[Opening RAW DATA section]

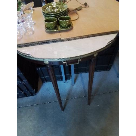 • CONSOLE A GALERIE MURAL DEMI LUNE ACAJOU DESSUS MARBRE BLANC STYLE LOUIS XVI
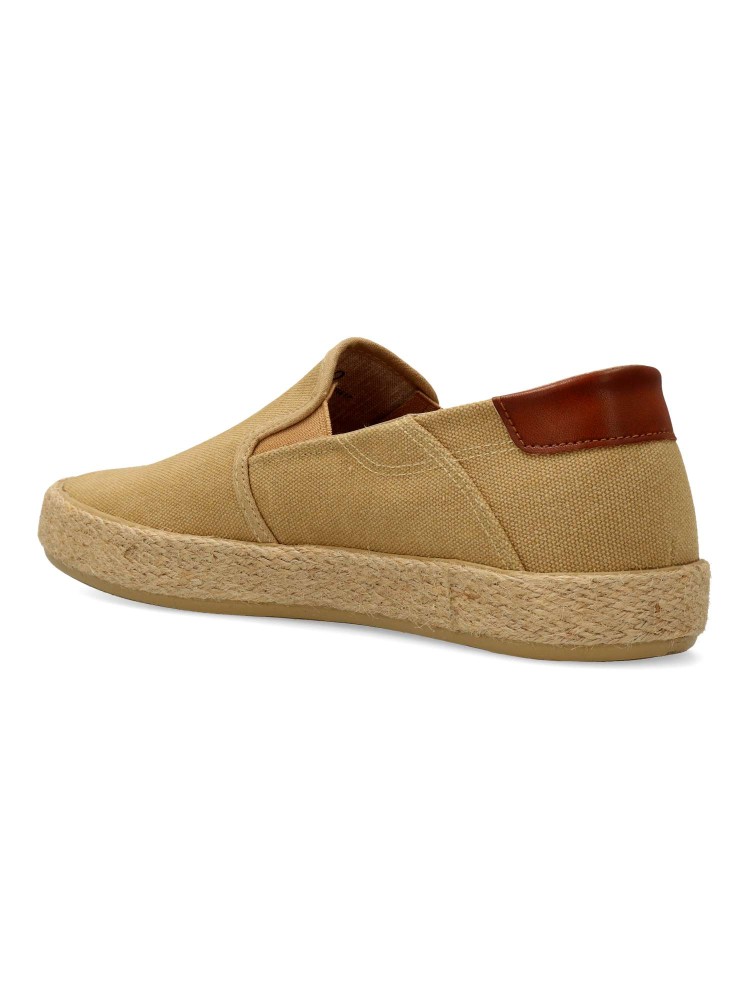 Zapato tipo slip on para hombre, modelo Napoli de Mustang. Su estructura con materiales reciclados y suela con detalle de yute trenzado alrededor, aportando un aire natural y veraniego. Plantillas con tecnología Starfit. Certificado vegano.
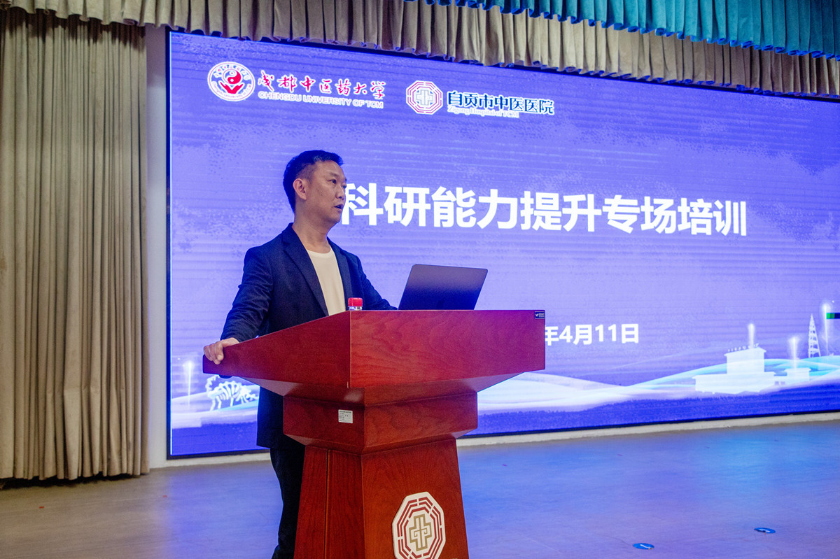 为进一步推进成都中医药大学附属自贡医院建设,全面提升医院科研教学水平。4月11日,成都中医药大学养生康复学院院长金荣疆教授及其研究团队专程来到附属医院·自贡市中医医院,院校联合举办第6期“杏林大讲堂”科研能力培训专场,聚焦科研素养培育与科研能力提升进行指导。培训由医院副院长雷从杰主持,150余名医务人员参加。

[Closing RAW DATA section]
[Opening RAW DATA section]

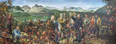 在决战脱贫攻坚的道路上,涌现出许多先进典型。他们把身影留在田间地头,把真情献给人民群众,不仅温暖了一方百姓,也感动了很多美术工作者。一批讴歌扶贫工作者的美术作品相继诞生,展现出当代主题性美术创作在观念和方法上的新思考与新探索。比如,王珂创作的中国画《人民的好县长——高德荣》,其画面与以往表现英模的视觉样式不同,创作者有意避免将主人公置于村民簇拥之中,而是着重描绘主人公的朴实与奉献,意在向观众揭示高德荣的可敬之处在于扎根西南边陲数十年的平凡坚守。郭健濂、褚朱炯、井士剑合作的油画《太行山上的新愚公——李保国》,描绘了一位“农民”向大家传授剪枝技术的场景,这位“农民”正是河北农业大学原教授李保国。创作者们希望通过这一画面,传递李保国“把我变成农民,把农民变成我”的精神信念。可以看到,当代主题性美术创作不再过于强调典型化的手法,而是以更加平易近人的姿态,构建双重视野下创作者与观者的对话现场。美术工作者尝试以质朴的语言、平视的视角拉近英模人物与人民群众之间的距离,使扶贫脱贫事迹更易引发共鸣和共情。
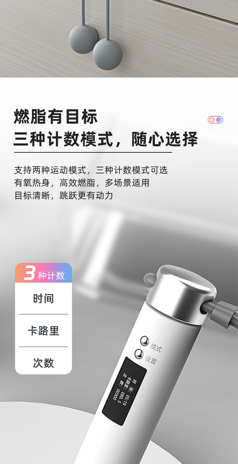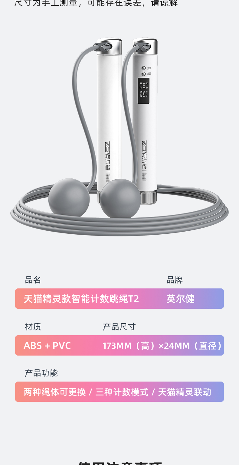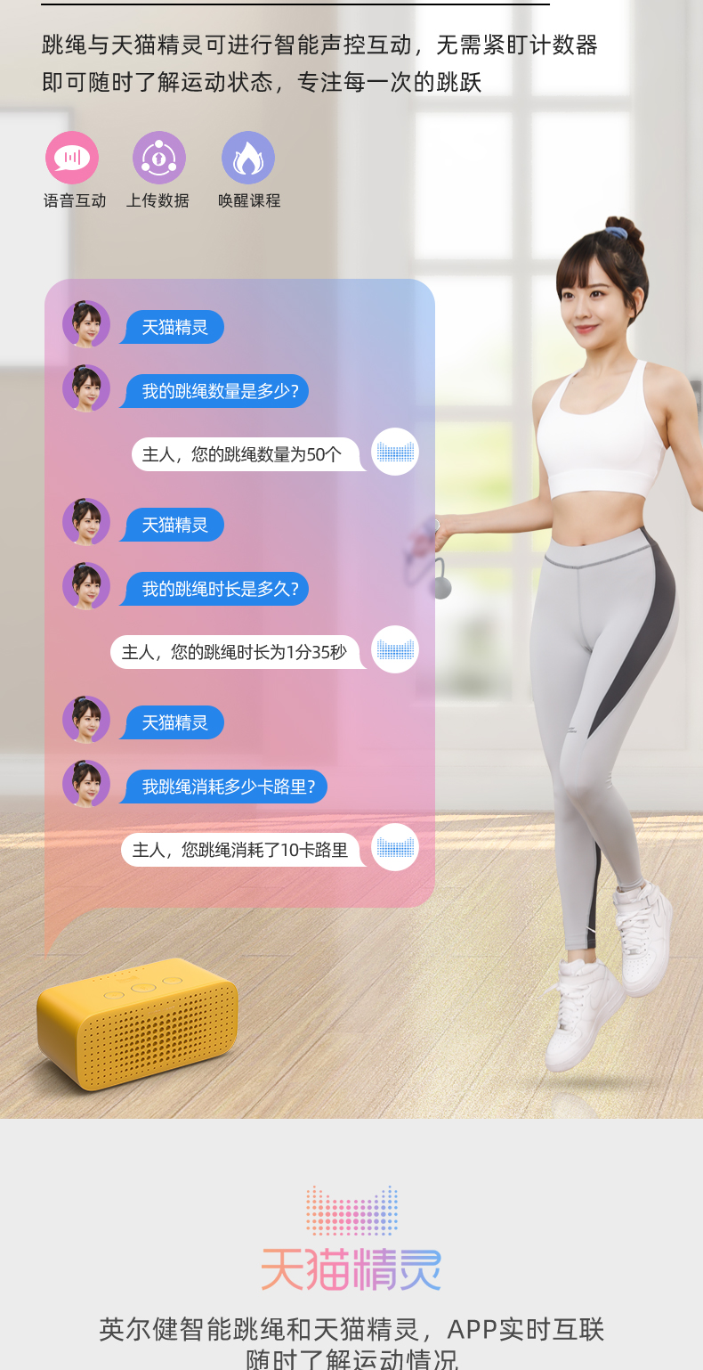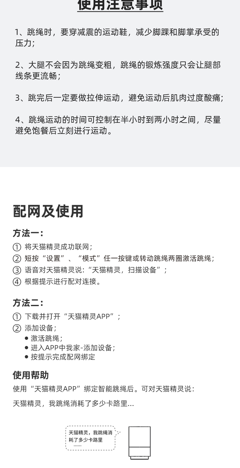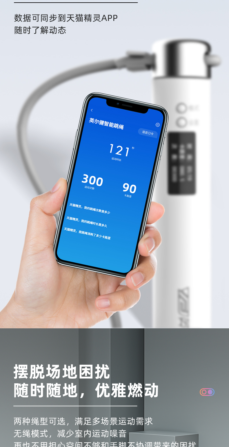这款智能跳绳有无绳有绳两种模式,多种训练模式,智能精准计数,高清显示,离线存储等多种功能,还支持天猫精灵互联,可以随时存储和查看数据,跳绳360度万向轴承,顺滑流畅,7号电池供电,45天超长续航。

[Closing RAW DATA section]

AIM OF THE TASK:
Using the data above, transcribe exactly the lines between those containing "STYLE LOUIS XVI" and "为进一步推进成都中医药大学附", inclusive, and leave every picture behind.

TASK RESPONSE:
 • CONSOLE A GALERIE MURAL DEMI LUNE ACAJOU DESSUS MARBRE BLANC STYLE LOUIS XVI
 Zapato tipo slip on para hombre, modelo Napoli de Mustang. Su estructura con materiales reciclados y suela con detalle de yute trenzado alrededor, aportando un aire natural y veraniego. Plantillas con tecnología Starfit. Certificado vegano.
 为进一步推进成都中医药大学附属自贡医院建设,全面提升医院科研教学水平。4月11日,成都中医药大学养生康复学院院长金荣疆教授及其研究团队专程来到附属医院·自贡市中医医院,院校联合举办第6期“杏林大讲堂”科研能力培训专场,聚焦科研素养培育与科研能力提升进行指导。培训由医院副院长雷从杰主持,150余名医务人员参加。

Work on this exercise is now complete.